È legittimo parlare di reato di maltrattamenti nel caso di detenzione di animali in condizioni incompatibili con la loro natura, come tenere diciotto cani rinchiusi in un recinto al freddo e circondati di escrementi e di sporcizia

La vicenda

Il Tribunale di Termini Imerese aveva condannato l’imputato alla pena di legge per il reato di cui all’art. 727, secondo comma, cod. pen., per aver detenuto diciotto cani di varie razze in condizioni incompatibili con la loro natura e produttive di gravi sofferenze.

Il Tribunale aveva accertato che i cani, sebbene nutriti a sufficienza, si trovassero in recinti privi di regolare apertura, chiusi con una rete metallica arrugginita e con vari spuntoni pericolosi, con superficie in terra battuta ricoperta da escrementi stratificati ed impregnata delle deiezioni liquide degli animali, divenuta fanghiglia a causa delle condizioni atmosferiche e riparati solo in parte in modo rudimentale da pannelli coibentati e fogli di lamiera precari, del tutto inadatti a proteggere i cani dagli agenti atmosferici.

Aveva, quindi, osservato che la circostanza di tenere i cani chiusi nel recinto, ricoperti da escrementi, al freddo, in mezzo al fango ed alla sporcizia, costituiva una condotta penalmente rilevante ai sensi dell’art. 727 cod. pen., trattandosi di detenzione di animali in condizioni incompatibili con la loro natura e produttive di sofferenza.
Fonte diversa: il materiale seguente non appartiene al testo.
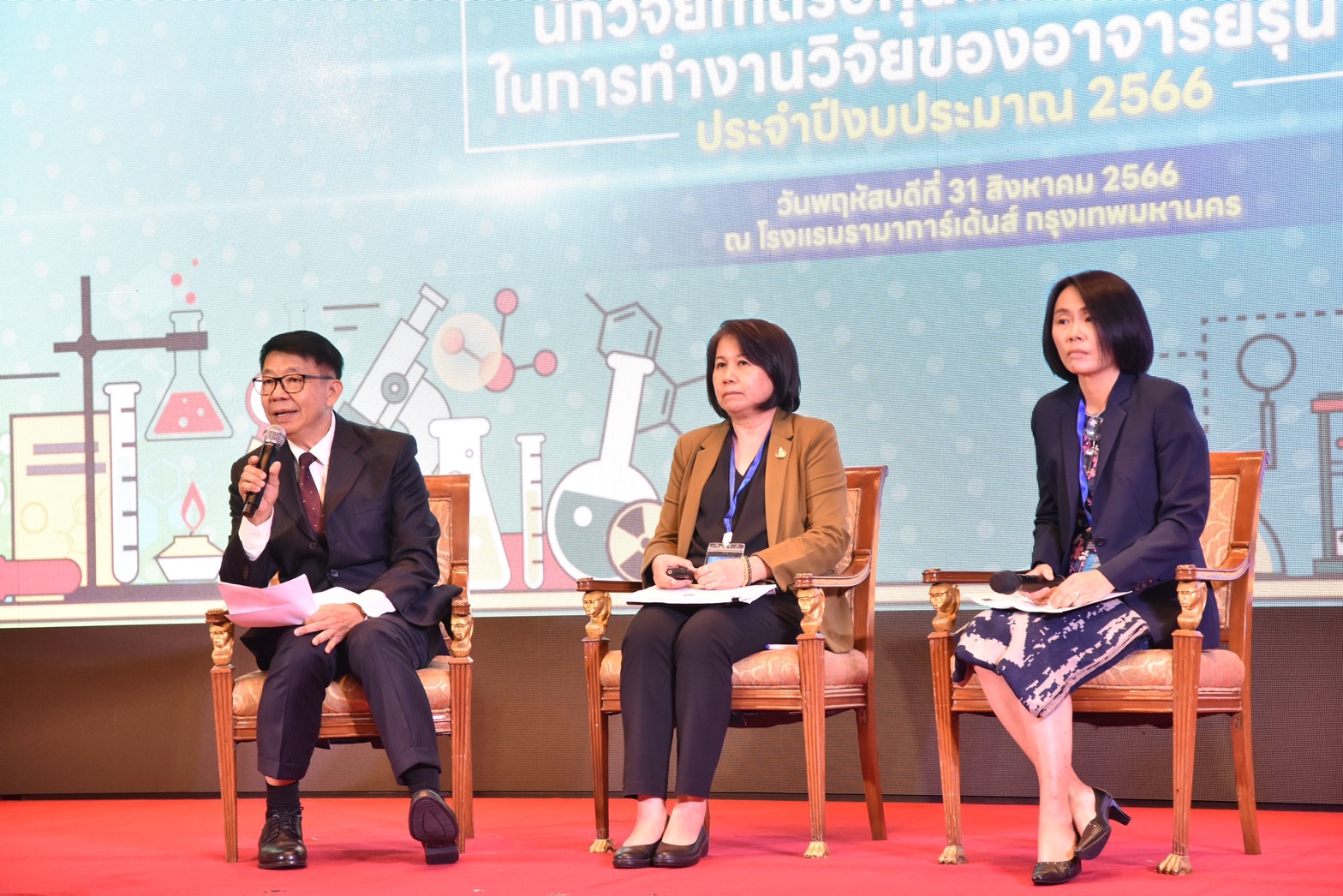 วันที่ 31 สิงหาคม 2566 สำนักงานการวิจัยแห่งชาติ (วช.) กระทรวงการอุดมศึกษา วิทยาศาสตร์ วิจัยและนวัตกรรม จัดโครงการ “ปฐมนิเทศผู้ที่ได้รับทุนพัฒนาศักยภาพในการทำงานวิจัยของอาจารย์รุ่นใหม่ ประจำปีงบประมาณ 2566” เพื่อให้นักวิจัยรุ่นใหม่ตระหนักถึงความสำคัญในการพัฒนาศักยภาพในการทำงานวิจัยของอาจารย์รุ่นใหม่ในสถาบันอุดมศึกษาระดับปริญญาในประเทศไทย มีโอกาสได้ทำงานวิจัยอย่างต่อเนื่อง สร้างสมประสบการณ์ และพัฒนาไปสู่การเป็นนักวิจัยที่มีคุณภาพระดับสูงของประเทศ โดยมี ศ.เกียรติคุณ ดร.วิชัย ริ้วตระกูล ประธานคณะกรรมการบริหารโครงการทุนพัฒนาศักยภาพในการทำงานวิจัยของอาจารย์รุ่นใหม่ เป็นประธานเปิดการปฐมนิเทศ และได้รับเกียรติจาก ศ.กิตติคุณ นพ.สุทธิพร จิตต์มิตรภาพ ประธานกรรมการส่งเสริมวิทยาศาสตร์ วิจัยและนวัตกรรม (กสว.) มาบรรยายพิเศษ เรื่อง “ทิศทางการส่งเสริมและพัฒนานักวิจัยรุ่นใหม่ในระบบ ววน. ของประเทศ” พร้อมนี้ ดร.วิภารัตน์ ดีอ่อง ผู้อำนวยการสำนักงานการวิจัยแห่งชาติ พร้อมด้วย คณะผู้บริหาร วช. และผู้ทรงคุณวุฒิ ให้การต้อนรับ ณ ห้องแกรนด์บอลรูม โรงแรมรามาการ์เด้นส์ กรุงเทพมหานคร
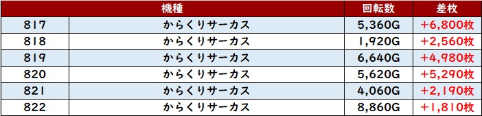 まずは「からくりサーカス 817~822」が力強い出玉感のオンパレードに!
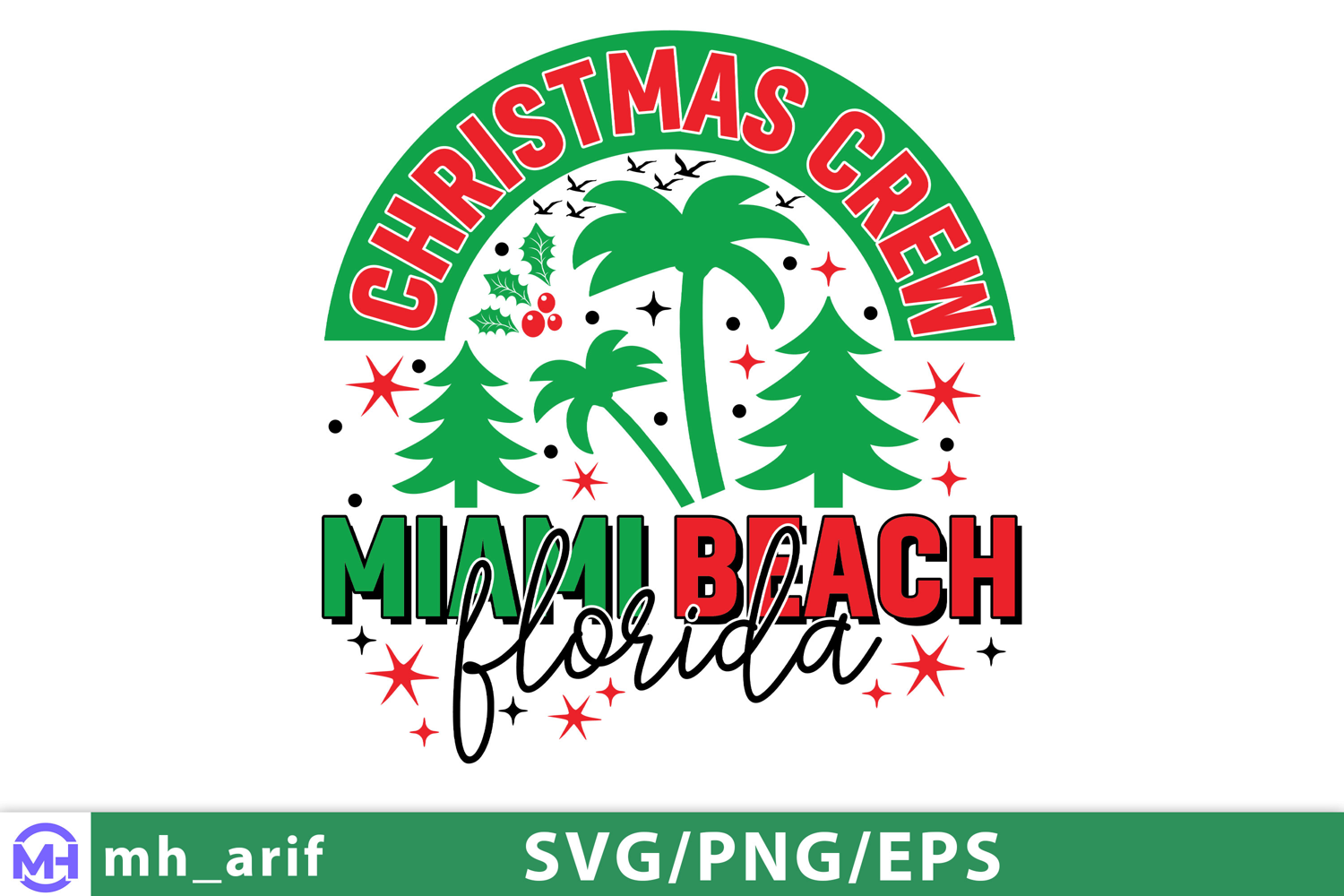 Similar Design Products to Christmas Crew 2025 Miami BEACH Florida SVG PNG T-shirt Desi

La decisione è stata confermata dai giudici della Terza Sezione Penale della Cassazione con la sentenza n. 49791/2019 in commento.

Al riguardo, la giurisprudenza di legittimità ha più volte affermato che “anche l’ipotesi della detenzione di animali in condizioni incompatibili con la loro natura non può prescindere, al pari delle altre, per la sua configurabilità, dalla presenza dell’elemento della sofferenza, intesa come lesione dell’integrità fisica dell’animale. E tale sofferenza, che deve caratterizzare la condotta, deve risultare da una prova adeguata, nella specie raggiunta, non superabile sulla base di semplici presunzioni circa le conseguenze negative sul benessere fisico degli animali” (Cass., Sez. 3., n. 601 del 01/10/1996, n. 139 del 13/11/2000).

Negato quindi, in via definitiva il proscioglimento dell’imputato per il fatto di particolare tenuità, essendo stata giustamente valorizzata la circostanza della crudeltà nei confronti degli animali.